There were torches in a niche in the wall, and X lit one and led the way through the dank and noisome darkness.

Bill stayed close, following the flickering, smoking light as it wended its way through crumbling caverns, stumbling over rusting rails in one tunnel, and in another wading through dark water that reached above his knees. Once there was the rattle of giant claws nearby, and an inhuman, grating voice spoke from the blackness.

“Blood-” it said.

“-shed,” X answered, then whispered to Bill when they were safely past. “Fine sentry, an anthropophagus from Dapdrof, eat you in an instant if you don’t give the right password for the day.”

“What is the right password?” Bill asked, realizing he was doing an awful lot for the G.B.I.‘s hundred bucks a month.

“Even-numbered days it’s Bloodshed, odd-numbered days Delenda est-Carthago, and always on Sundays it’s Necrophilia.”

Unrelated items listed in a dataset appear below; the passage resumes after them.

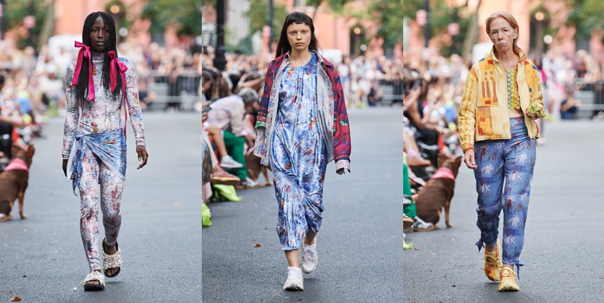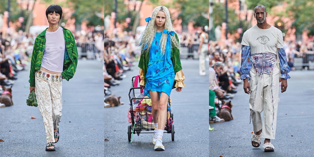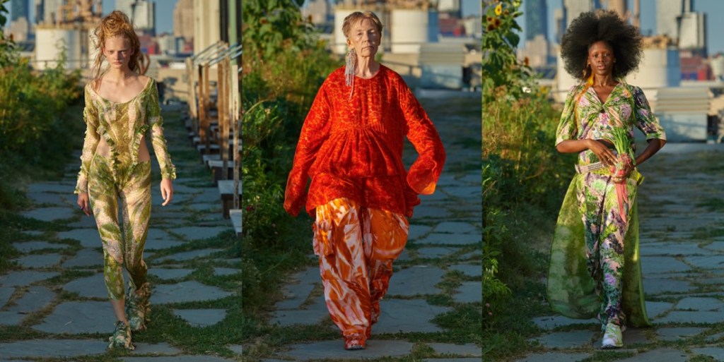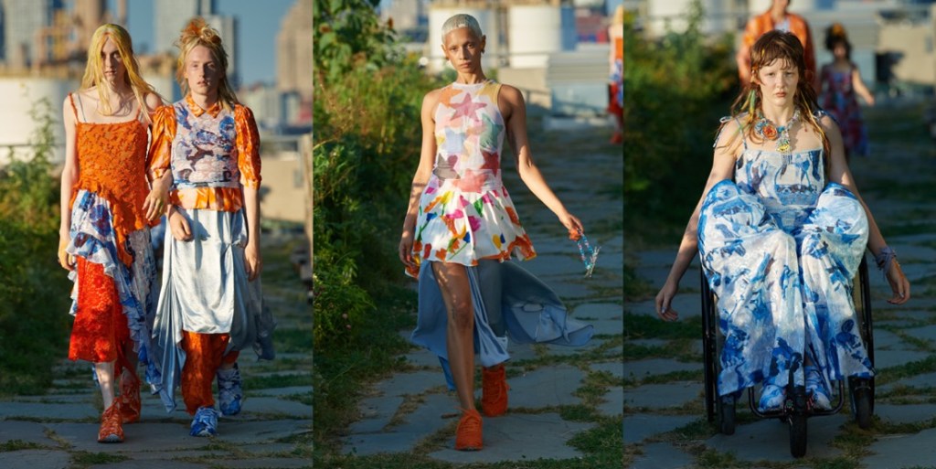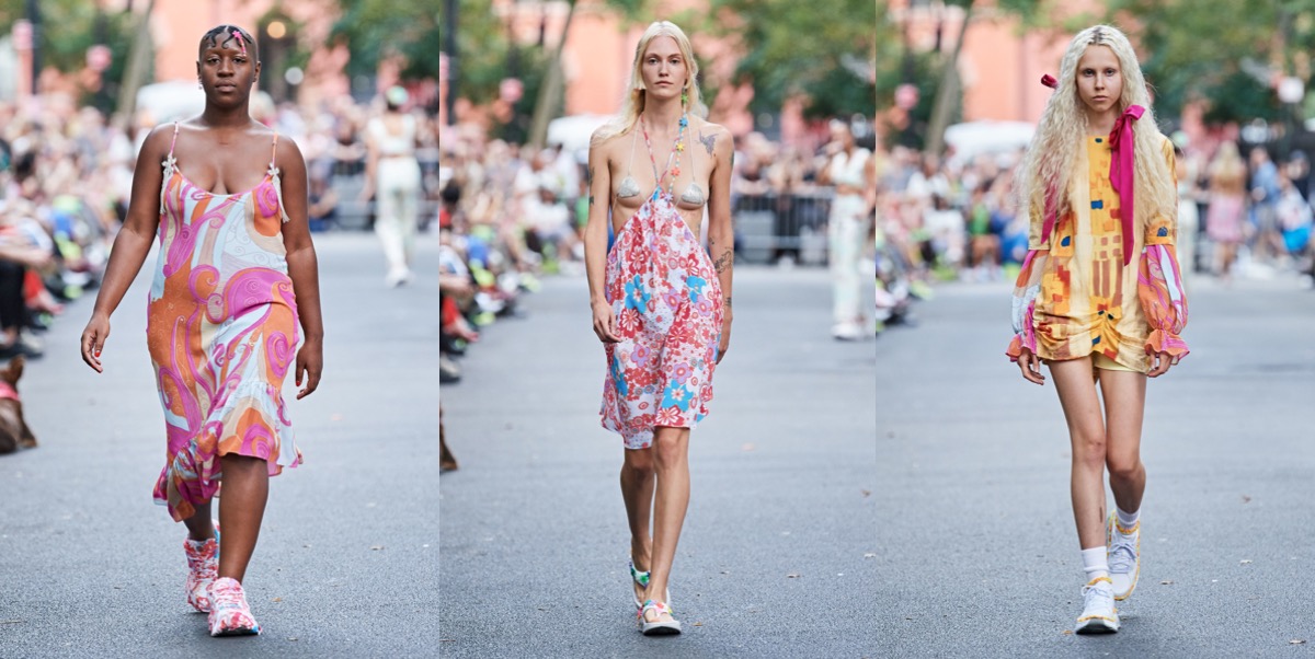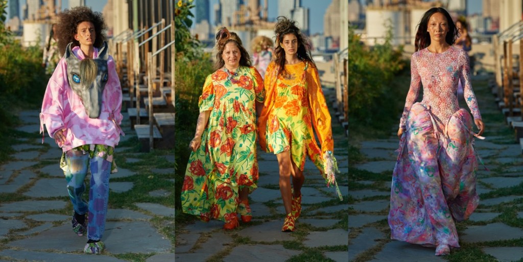 At Collina Strada, Hillary Taymour was in a celebratory mood (like many designers in New York seem to be). Hari Nef opened the show, wearing a dainty, lace-trimmed slip over wide-leg plaid trousers, her arms fluttering up and down like so many butterfly wings. Bedazzled on the front was the phrase “Got milkweed?,” an environmentally friendly take on the classic Got Milk? ad campaign of the ’90s, which also happened to be the name of the collection. Milkweed is the only plant monarch caterpillars will eat. Fittingly, the show took place at Brooklyn Greenway, a former cemetery turned monarch butterfly preserve that’s not open to the public. Taymour’s signature playfulness and Y2K influence were certainly present, but there was also a tender touch (some of the models wore extra-long braids that dragged on the floor behind them as they walked, like a Rapunzel that never had to cut her hair off to find freedom) and a mix of romanticism that resulted in some truly elegant eveningwear options. A floral lace–crocheted long-sleeve gown was worn underneath a structured bustier minidress with an exaggerated balloon skirt—a fantastic continuation of the exploration of panniers and bustles that Taymour has embarked on for the past few seasons. “I just feel like now that we’re a ‘trend,’ I really wanted to push it and be like, ‘We’re not just [sportswear],’” said Taymour after the show. “I can make these dresses for you and elevate it.” A carnation pink dress made from deadstock chiffon that hung from bent-wire flowers that attached to matching airbrushed pink breasts and nipples proved she could do both. She added, “I just wanted to push myself to do that.” Big cargos came in hand-drawn floral prints, crushed velvet, and even organza. Decorated jeans were part of a collaboration with Unspun, a company that 3D-scans the body in order to create made-to-order denim. She also debuted a collaboration with Virón featuring shoes made of upcycled materials, including ruffled velvet oxfords and chunky silver metallic boots, and a collaboration with Melissa on supercool and weird puffy sandals, which she paired with tiny satin ballerina-style socks that perfectly encapsulated the spirit of the collection. In the show notes, Taymour describes being inspired by “the butterfly’s symbolic cycle of life, death, and rebirth,” but with clothes like these, Collina Strada will thrive forever.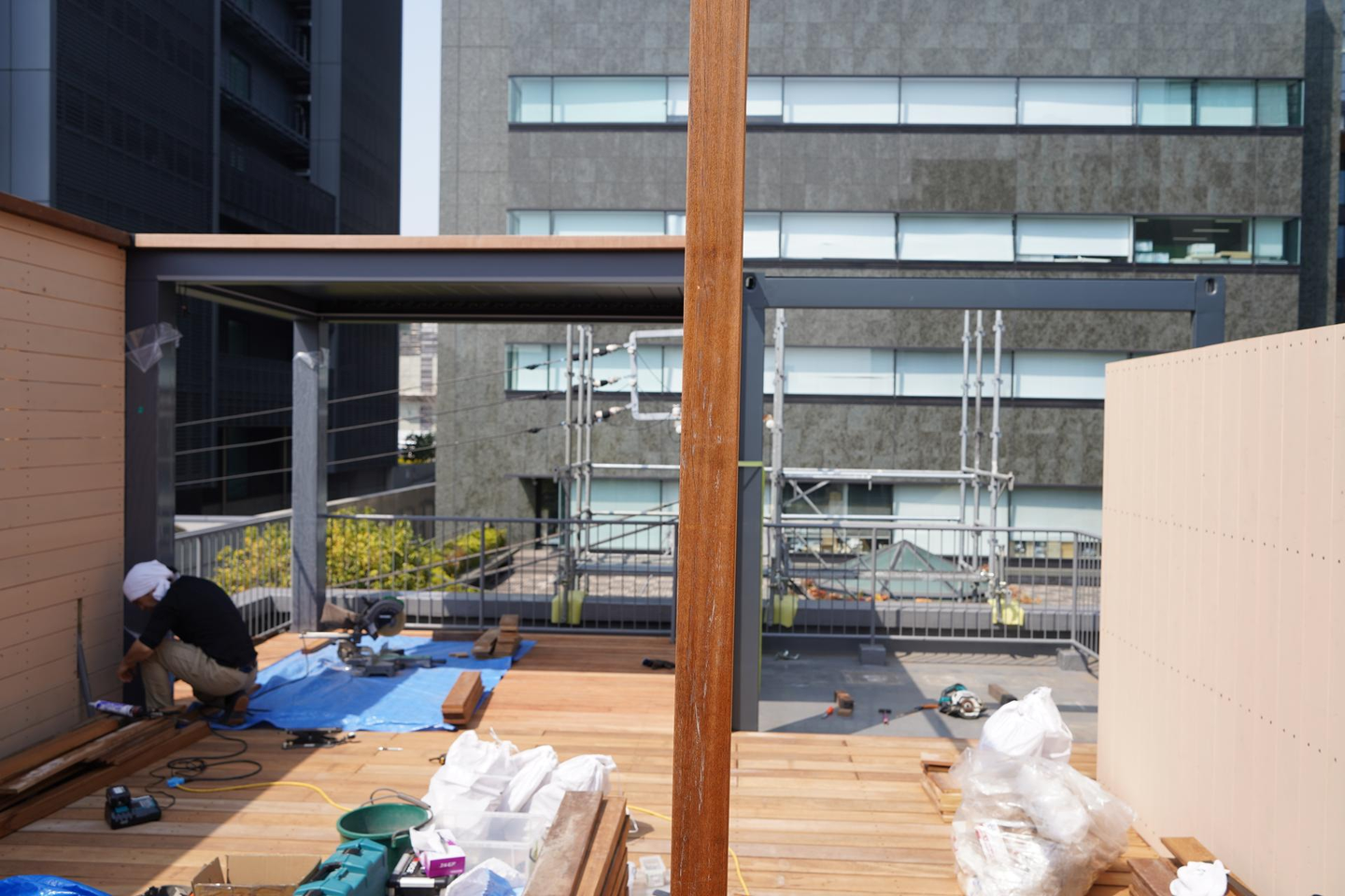 完成予定は4月末。ここはただの屋上ではなく、仕事の合間にリフレッシュできる憩いの場であり、社内イベントやBBQなども楽しめる特別な空間です!!
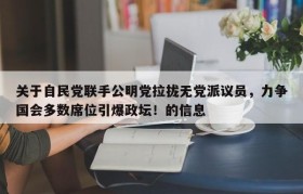 关于自民党联手公明党拉拢无党派议员,力争国会多数席位引爆政坛!的信息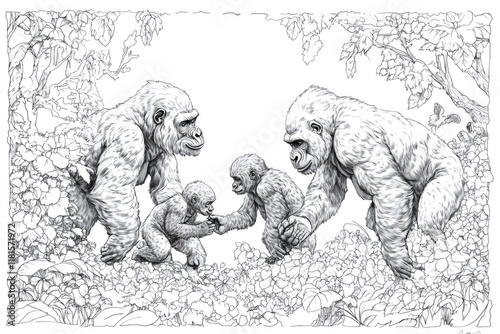 Intricate coloring page featuring a family of gorillas interacting in a lush jungle setting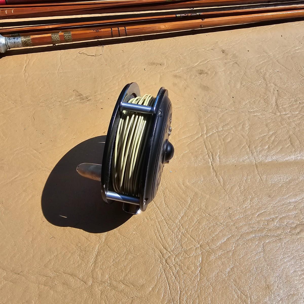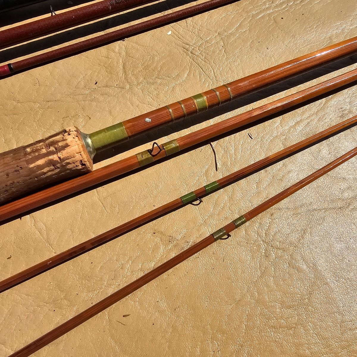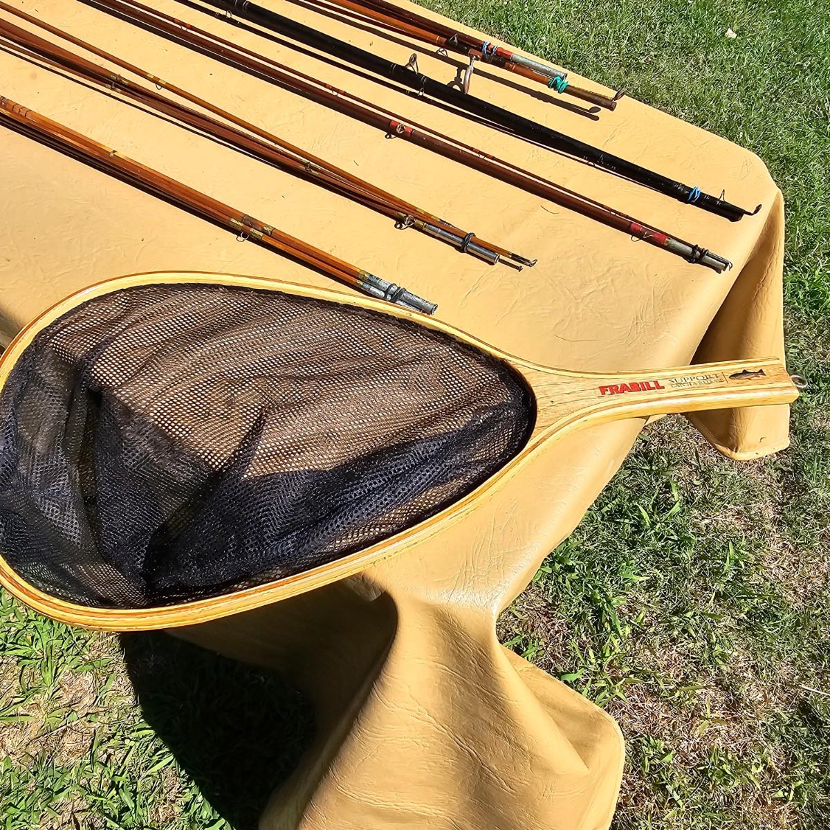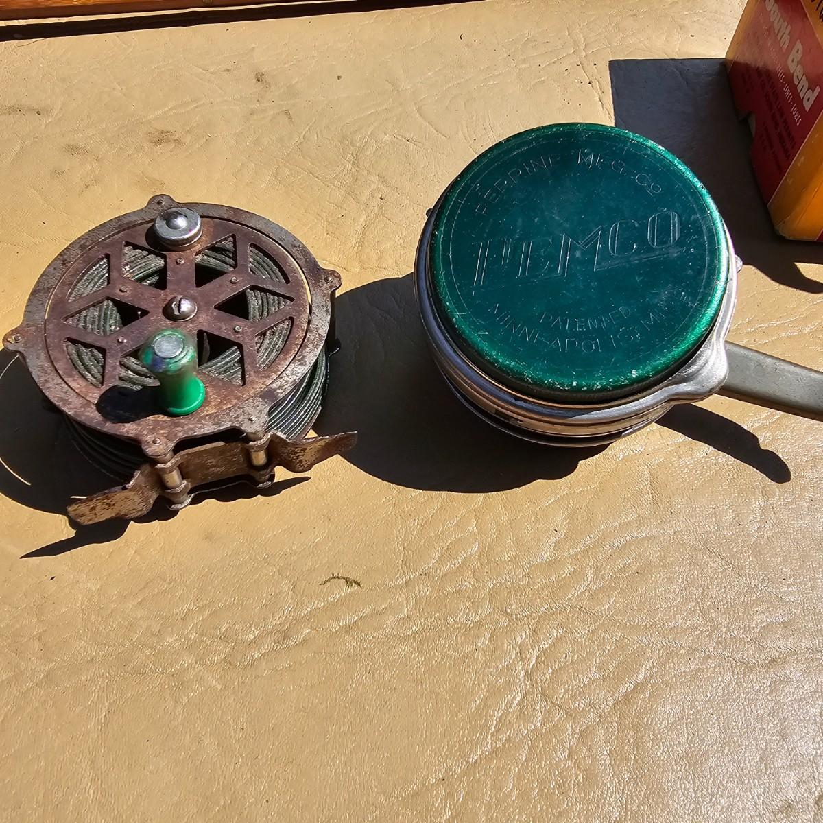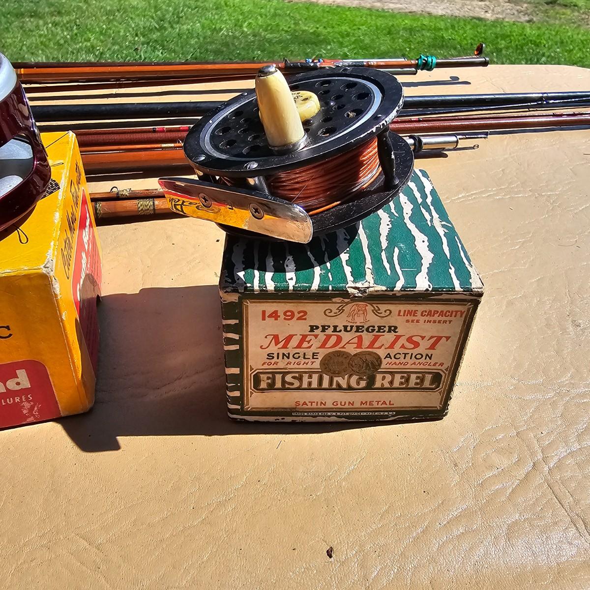 Nine fly reels by South Bend, Pflueger, others and six rods as well as a tackle box of fly tying materials and a vise. Four bamboo, one graphite and one glass rod in eight foot nine foot .and longer. Rods by South Bend, Pearl, Herters and others. One net also included. See photos for details. Local pickup only.
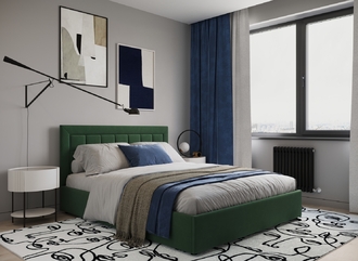 Стежка помещена в центр изголовья и обрамлена, словно картина. Объемные царги становятся гармоничным дополнением образа и завершают цельную фигуру кровати.
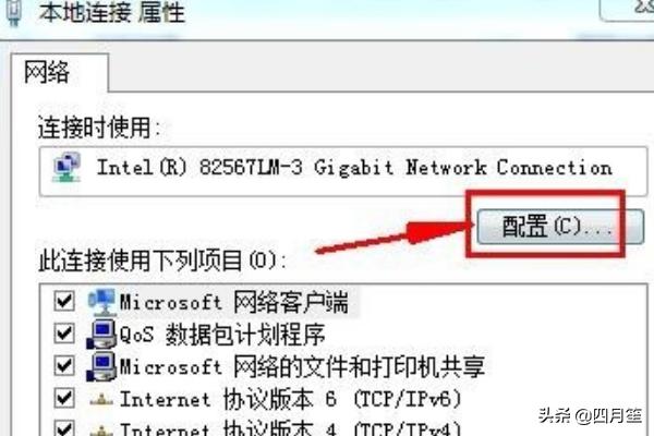 6在本地连接属性窗口中选择“配置”
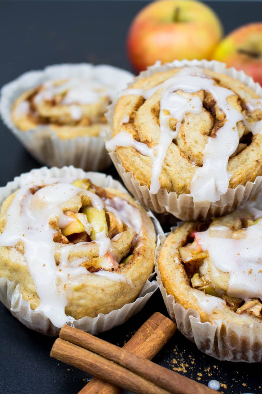 Insgesamt brauchen die veganen Apfel Zimtschnecken nicht länger als eine Stunde, was für Zimtschnecken wohl echt relativ schnell ist.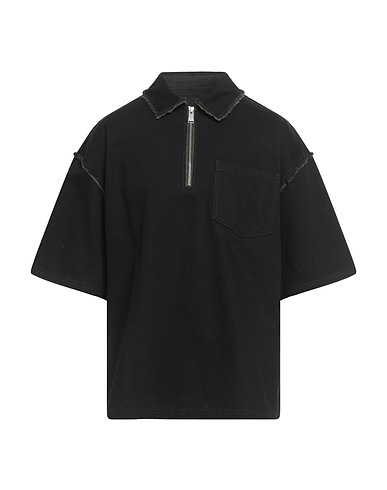 denim, mesh fabric, distressed, two-tone, brand logo, half-zip neckline, short sleeves, one chest pocket, machine wash or dry clean, do not bleach, do not tumble dry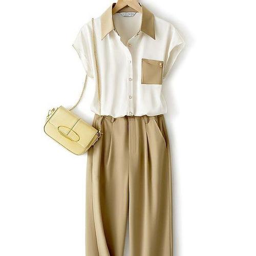 2종세트(1+1) 여성용 심플 루즈핏 롤업 반팔셔츠 순색 투포켓 카라넥 반팔 셔츠 블라우스 세련된 직장인 상의 티 셔츠
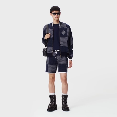 Esta exquisita cazadora bomber, confeccionada en punto de algodón ligeramente acolchado en tonos azul marino, presenta un refinado motivo Damier grande realizado en Jacquard y una inscripción «Marque L.Vuitton déposée» en el lado izquierdo del pecho. Luce una elegante raya blanca que decora el cuello y los puños acanalados. Esta prenda veraniega, ideal para viajar, puede combinarse con el pantalón corto a juego.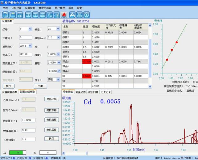 于原子吸收光譜儀 228.8 nm 處,使用空氣-乙炔貧燃火焰,以水調零,測量試液的吸光度,減去隨同試料的空白試驗溶液的吸光度,從工作曲線(xiàn)上查出相應的鎘濃度。

“You sure don’t make it easy for your members.”

“The anthropophagus gets hungry, we have to keep it happy. Now-absolute silence. I will extinguish the light and lead you by the arm.” The light went out, and fingers sank deep into Bill’s biceps. He stumbled along for an endless time until there was a dim glow of light far ahead. The tunnel floor leveled out, and he saw an open doorway lit by a flickering glow. He turned to his companion and screamed.

“What are you?!”

The pallid, white, shambling creature that held him by the arm turned slowly to gaze at him through poached-egg-eyes. Its skin was dead-white and moist, its head hairless, for clothes it wore only a twist of cloth about its waist, and upon its forehead was burned the scarlet letter A.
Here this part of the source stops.